Hi Ray,
Sorry, I lost the thread on my browser. I have looked at the figures and
no I do not see an excessive number of page faults. The vmstat you
indicated on a very quiet system does indeed point to an unusually high
number of interrupts.
If you still have this issue, try booting on a uniprocessor kernel or
boot with the 'noapic' option and see if you face the symptom or your
system boots properly. I also note that the kernel you mentioned did not
appear to be the latest. So, I would up2date the system, see if the
problem goes away and then on the up-to-date kernel (2.6.9-34.ELsmp as
we speak) boot with the noapic option and see if you see a difference.
Best Regards,
GM
Ray Van Dolson wrote:
On Fri, Apr 07, 2006 at 12:17:30PM +0200, George Magklaras wrote:
Seeing init in S mode in 'top' like that:
1 root 16 0 1972 556 480 S 0.0 0.0 0:00.53 init
is not so extraordinary if you just invoke 'top'. If it is in R or other
process mode continuously, that would be alarming.

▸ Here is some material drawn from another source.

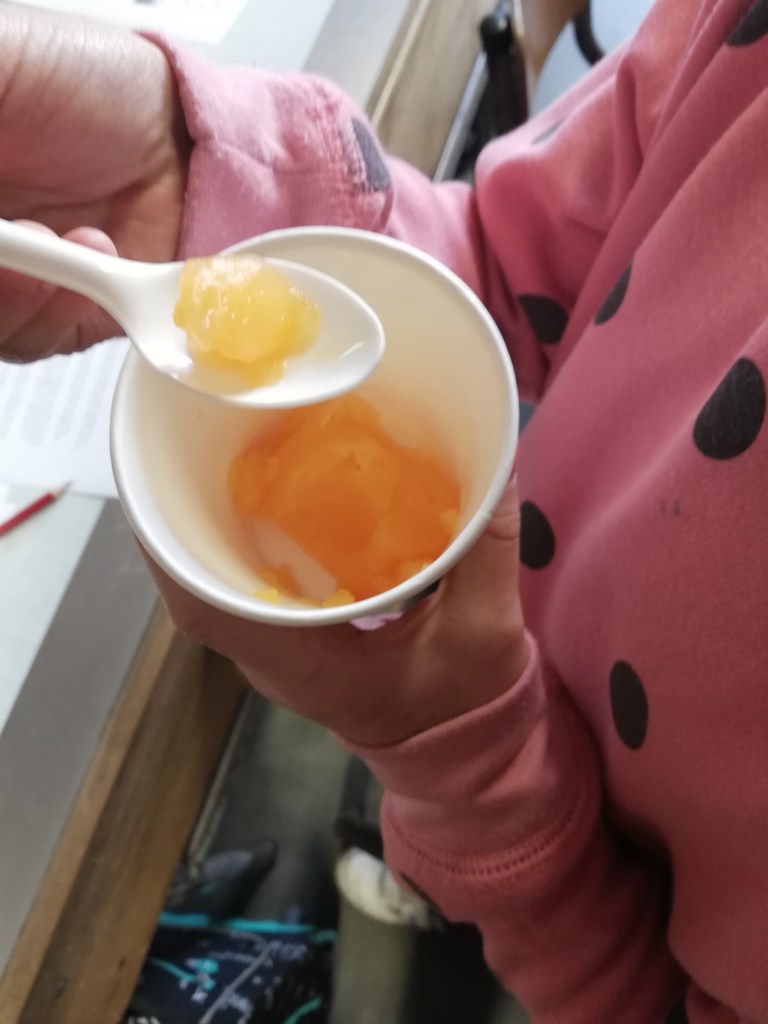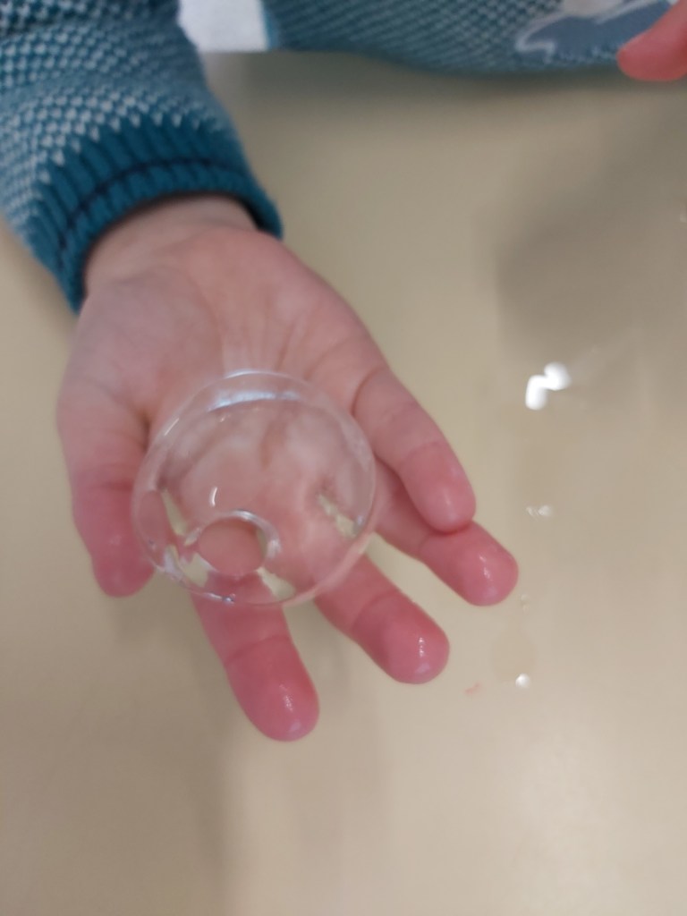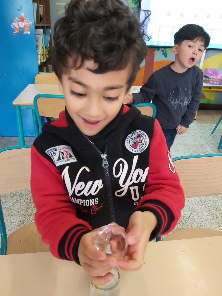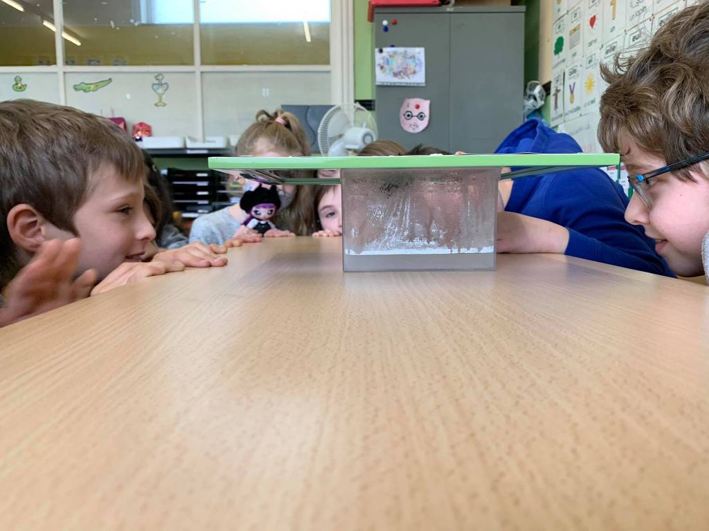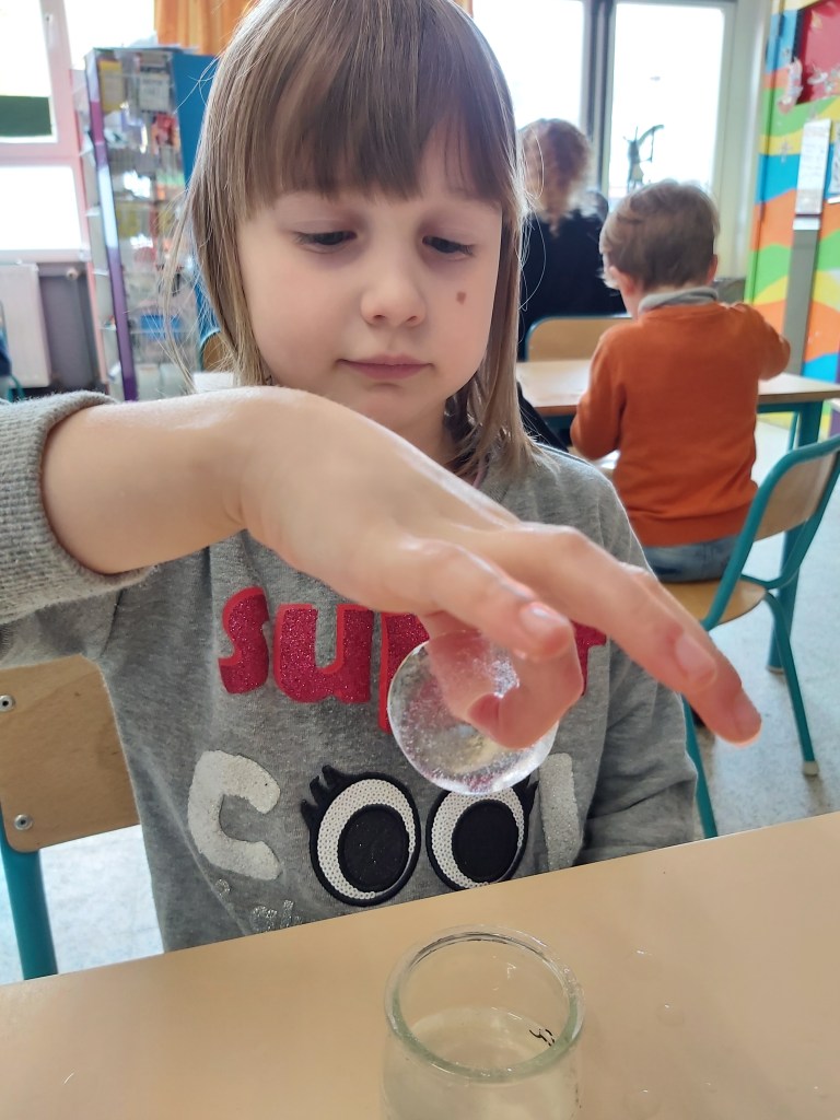 - Les enfants constatent des bulles qui ne bougent pas dans la glace ce qui nous permet de leur expliquer qu’il y a de l’air emprisonné dans la glace.

init stays in 'S' mode for the duration of top.
Another symptom that comes along with this weird non-0.00 load issue is
that
user I/O seems to "glitch" every now and then. Almost like the hard drives
are spinning up after being put to sleep... however, APM is disabled in my
kernel since I am running in SMP mode.
I think that #might# be the key symptom. How exactly do you mean the
'glitch'. Does I/O pause for an interval to the point where you notice
it for several seconds and then continues, abort completely (I/O
errors)? It could be that there is somekind of background reconstruction
or syncing happenning due to driver or hardware issues.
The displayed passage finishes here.